Graduation Party for 50.  Doing roadside chicken for them.


----------



## Diva Q (May 5, 2007)

Kloset BBQR said:
			
		

> Today - Nutrisystem BBQ Beef
> 
> Tomorrow - Nutrisystem Dehydrated Hamburger Patties (with grill marks though). :roll:
> 
> ...




Hey you deserve a HUGE congratulations on that accomplishment. That is a lot of hard work to do that. 

I think that is wonderful. Well done.


----------



## Greg Rempe (May 6, 2007)

Kloset BBQR said:
			
		

> Today - Nutrisystem BBQ Beef
> 
> Tomorrow - Nutrisystem Dehydrated Hamburger Patties (with grill marks though). :roll:
> 
> ...



Good for you Dallas...Larry is still a fat and now has a nice expensive clothes hanger in his garage!


----------



## LarryWolfe (May 6, 2007)

Greg Rempe said:
			
		

> [quote="Kloset BBQR"8uwvy3f]Today - Nutrisystem BBQ Beef
> 
> Tomorrow - Nutrisystem Dehydrated Hamburger Patties (with grill marks though). :roll:
> 
> ...



Good for you Dallas...Larry is still a fat and now has a nice expensive clothes hanger in his garage!  [/quote8uwvy3f]

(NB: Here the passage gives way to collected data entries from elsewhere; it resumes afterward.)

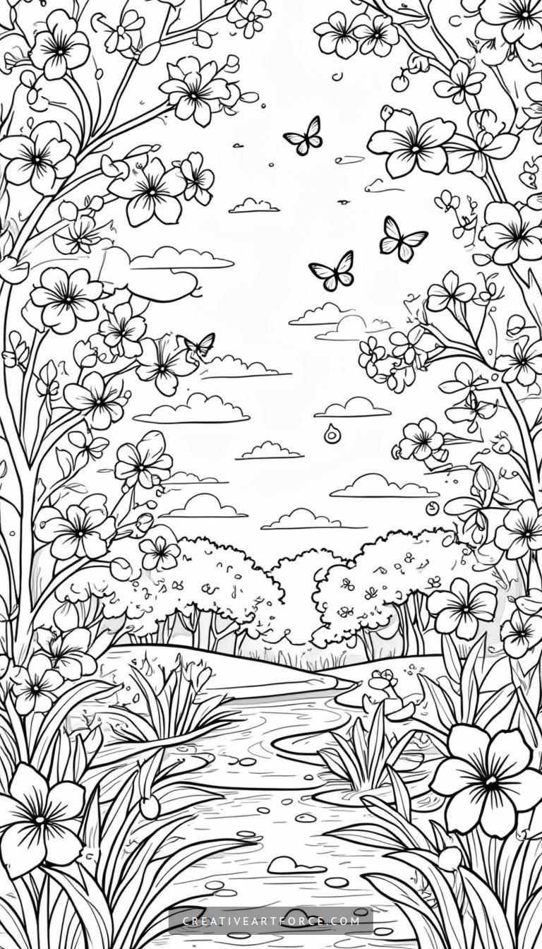 Spring is a season that evokes a sense of renewal and positivity. Color is everywhere, from grass turning lush green to flowers bursting into bloom. However, the beauty of spring doesn’t just exist outdoors; it can also be captured through art! Coloring pages depicting spring landscapes, especially those filled with cherry blossoms, butterflies, and soft pastels, provide a unique outlet to engage with the beauty of spring.
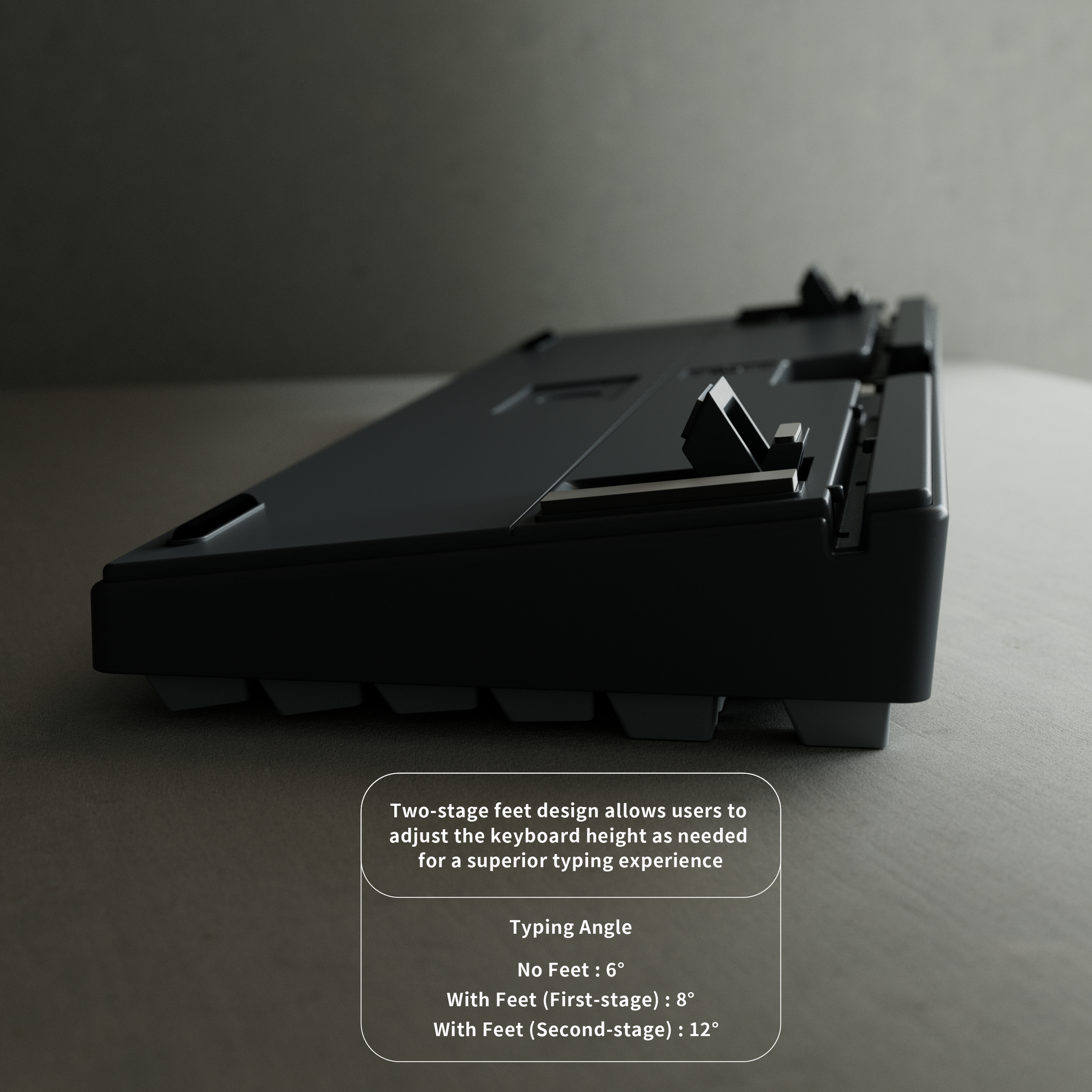 Two-stage feet design allow usersto adjust the keyboard height as needed.
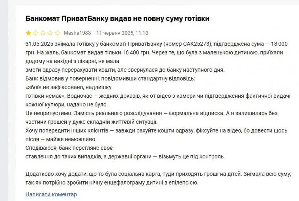 Жінка розповіла, що знімала 18 000 грн у банкоматі з номером CAK25273, але отримала лише 16 400 грн — тобто на 1600 грн менше.
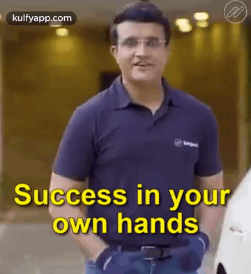 Sourav Ganguly gives a double thumbs-up, conveying 'Success in your own hands' with a motivational message.
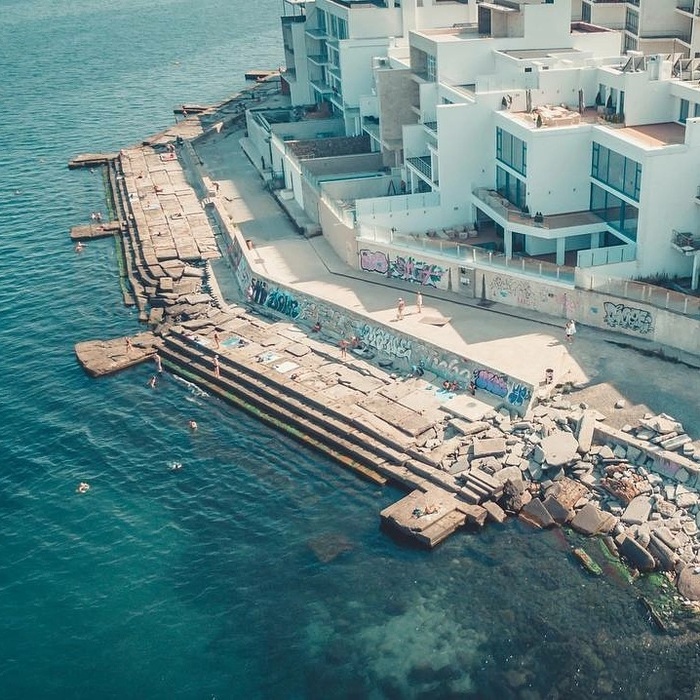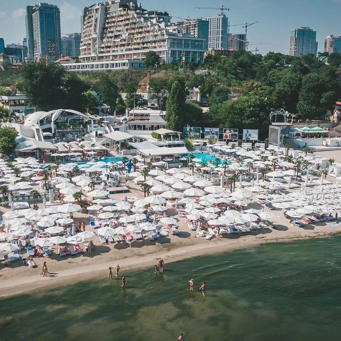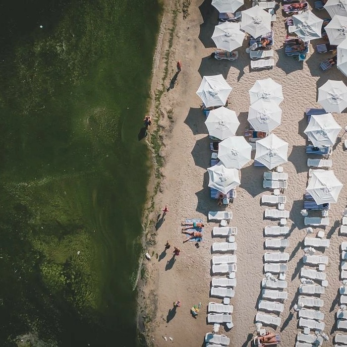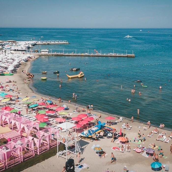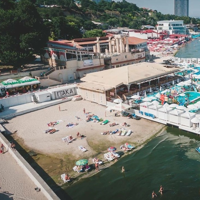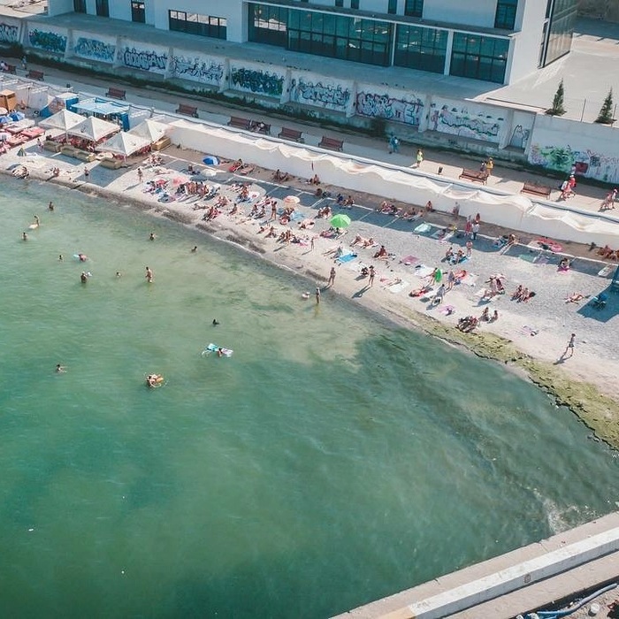 Обычно здесь наблюдается самый большой спрос на квадратные метры песка. Но, как видно на фото, сейчас свободные места есть. Бесплатный пляж у "Итаки" и плиты почти пустуют. Видимо, обилие водорослей в воде отбило у многих желание идти к морю.
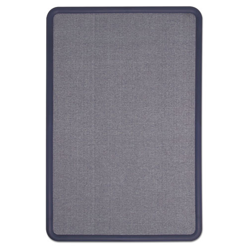 Highly durable fabric bulletin board surface backed by high-density fiberboard secures documents with push pins. Delivers quality performance when communication and collaboration is needed in frequent-use office environments. Self-healing surface eliminates unsightly pin holes and will not fade or crumble like traditional cork boards, even after years of use. Simple mounting system allows for vertical or horizontal installation. Contemporary, navy plastic frame and coordinating fabric surface energize displays and brighten rooms. Available in a variety of sizes and colors.
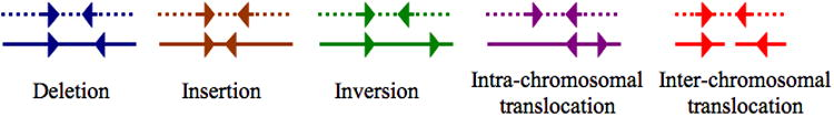 高通量測序數(shù)據(jù)除了可以分析SNP/InDel位點外,還可以利用雙端測序的中的插入片段長度信息和比對時出現(xiàn)的異常比對結果,對測序樣本中可能存在的結構變異進行分析。本次課程主要利用BreakDancer這款軟件進行結構變異位點的分析,軟件主要預測了五種類型的結構變異:插入、缺失、倒位、染色體間和染色體內(nèi)易位,
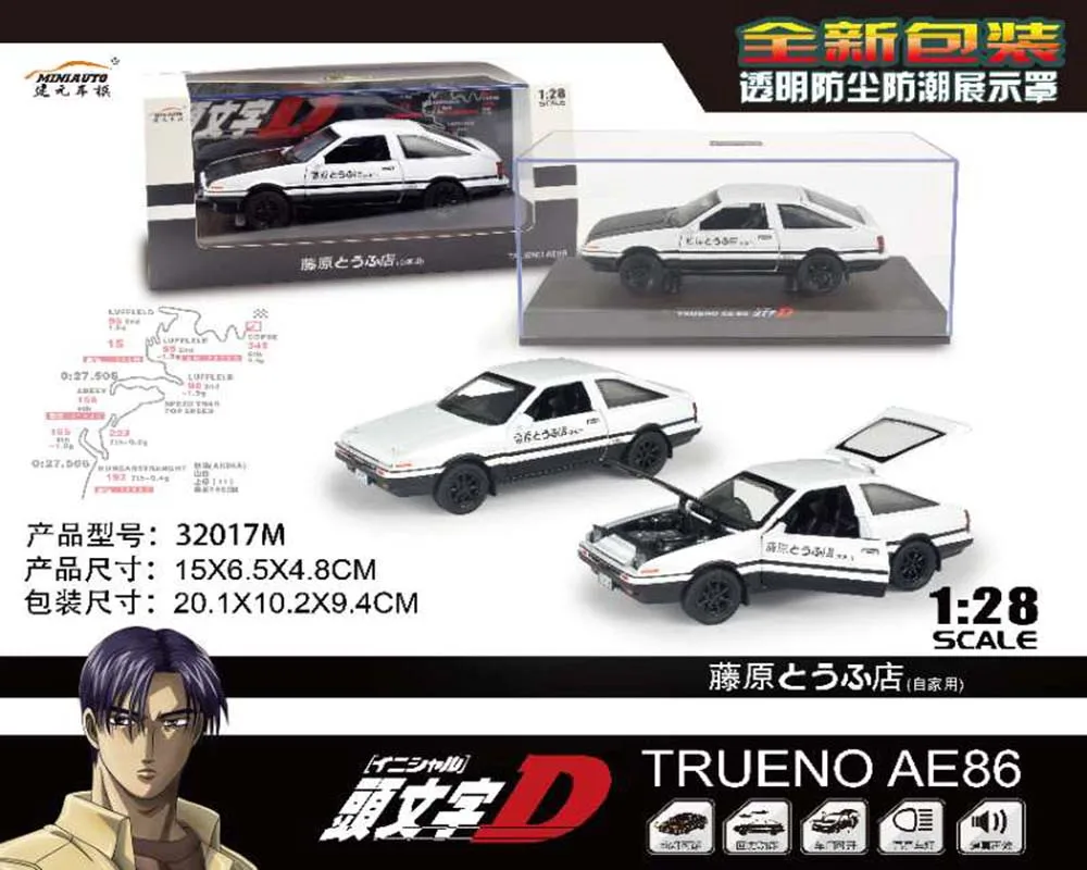 1:28 литые автомобили с обратной стороны, начальная модель автомобиля D AE86, быстрый и яростный звук и светильник, транспортные средства, подарок для детей, мальчиков
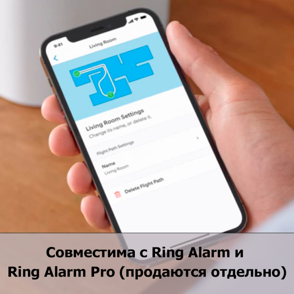 → Камера патрулирует по заданным маршрутам и отправляет видео в ваше приложение. Хотите проверить, закрыто ли окно или выключена ли плита? Просто откройте Ring и проверьте – из любой точки мира.
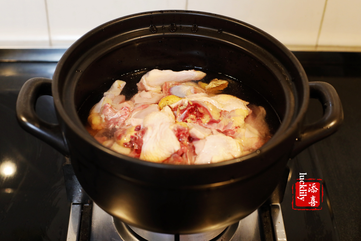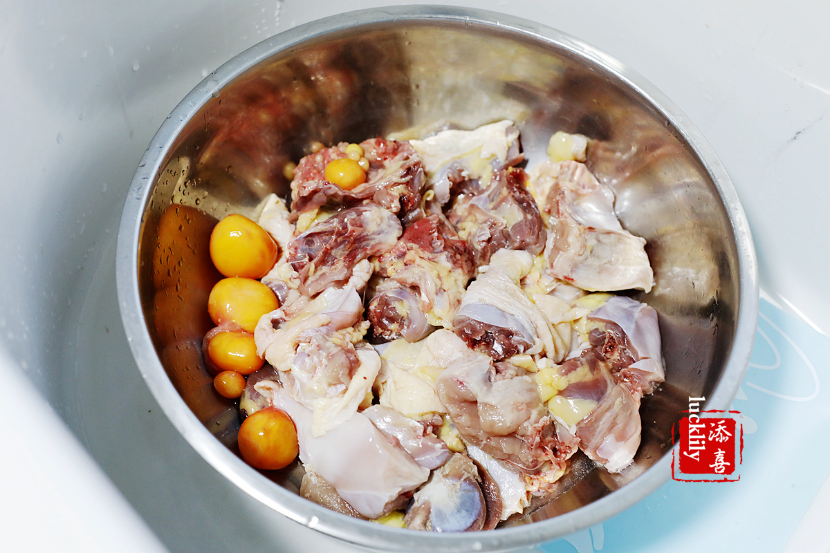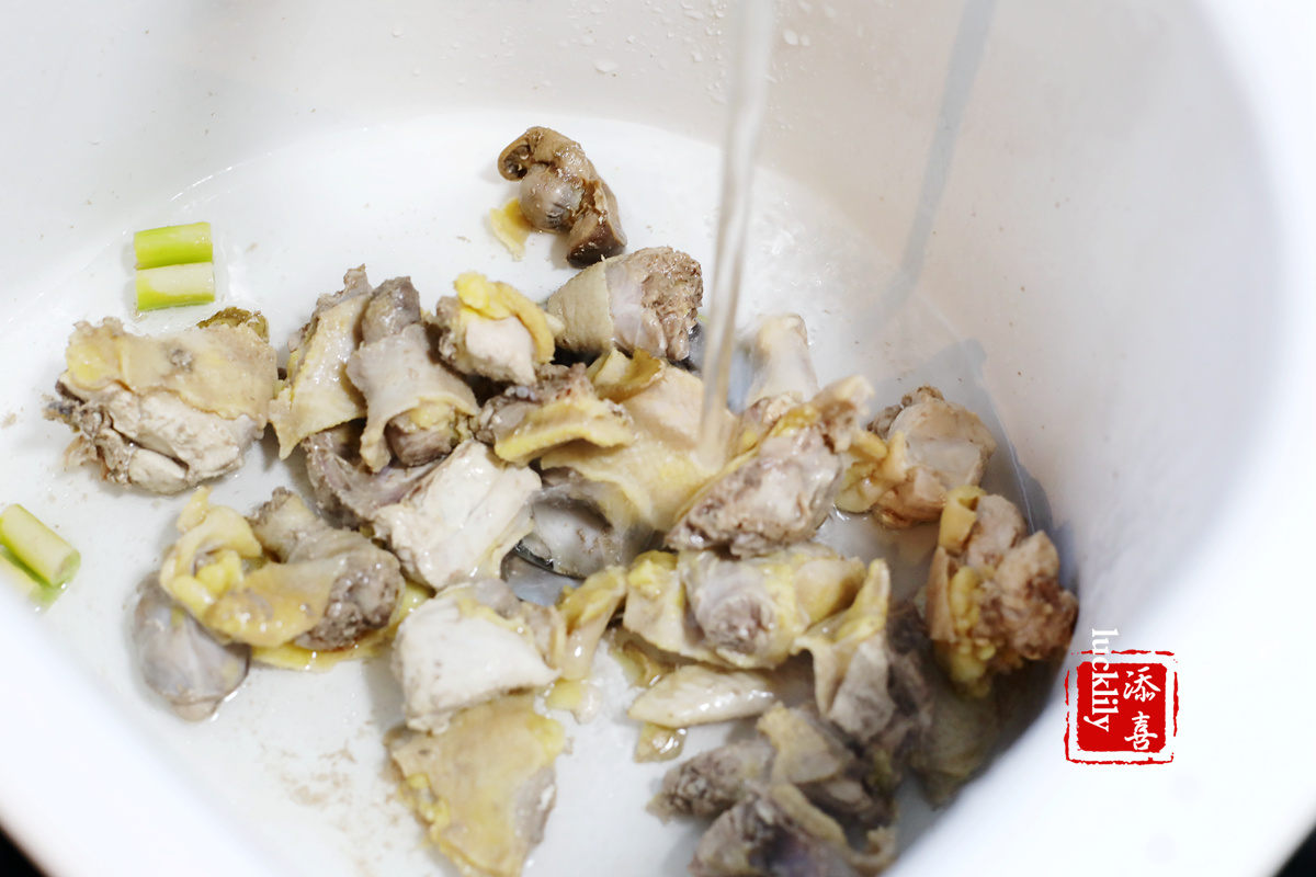 一煮沸,轻搅一下鸡块,即关火,将鸡块倒入水池中,用清水淋法,却除浮沫。
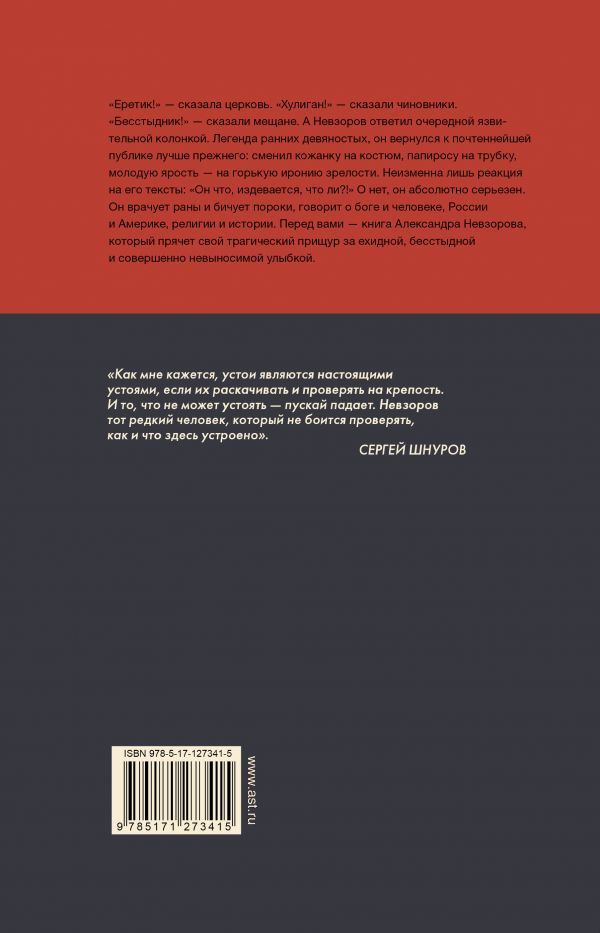 «Еретик!» - сказала церковь. «Хулиган!» - сказали чиновники. «Бесстыдник!» - сказали мещане. А Невзоров ответил очередной язвительной колонкой. Легенда ранних девяностых, он вернулся к почтеннейшей публике лучше прежнего: сменил кожанку на костюм, папиросу на трубку, молодую ярость - на горькую иронию зрелости. Неизменна лишь реакция на его тексты: «Он издевается, что ли?!» О нет, он абсолютно серьезен. Он врачует раны и бичует пороки, говорит о боге и человеке, России и Америке, религии и истории. Перед вами книга Александра Невзорова, который прячет свой трагический прищур за ехидной, бесстыдной и совершенно невыносимой улыбкой.
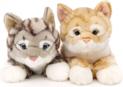 Denne liggende plysset kat giver masser af glæde og komfort til både børn og voksne. Det bløde, luftige materiale er behageligt at røre ved, og den høje kvalitet gør, at du forelsker dig ved første kram. Realistiske detaljer som stribet farvetegning, hvide poter og en sød snude giver katten et autentisk udseende.
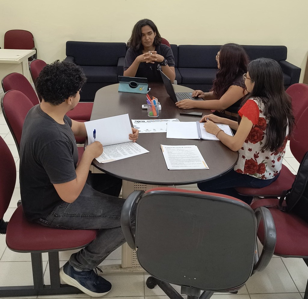 Ou seja, administrar muito bem nosso tempo, fazer gestão de tempo. Quando temos uma demanda, e se formos falar com o professor que temos que fazer a atividade da EJ, nem todos vão entender; se eu falar pra minha mãe: deixa eu terminar aqui essa tarefa ou essa reunião, nem todo o parente entende, nem todo familiar entende. Então, a gente tem que saber administrar bastante nosso tempo e não esquecer do estudo, porque não adianta – a gente sempre prioriza aqui na equipe – se doar muito pela EJ e esquecer do nosso curso, das matérias, da nossa grade, a prioridade sempre será as nossas aulas, nossas matérias, depois as atividades da EJ.

Being fat is better than being GAY Rempe!


----------



## Nick Prochilo (May 6, 2007)

Well I have two racks of spares going, my wife is making some fajitas and I'm making some jerky to mail to Iraq. I've been partying all weekend since Friday and it's time to wind down. Happy Birthday Dale & Bobbi!


----------



## DaleP (May 11, 2007)

Do we keep this thing going? Well just in case, we are cooking butts, chicken boobs, brats, hotdogs, salmon, and maybe burgers for my boys 13th Birthday party Saturday.


----------



## WalterSC (May 11, 2007)

Diva Q said:
			
		

> So what are you all having??
> 
> I am making a few things recommended by members here.
> 
> Doing some whole chickens I believe as well.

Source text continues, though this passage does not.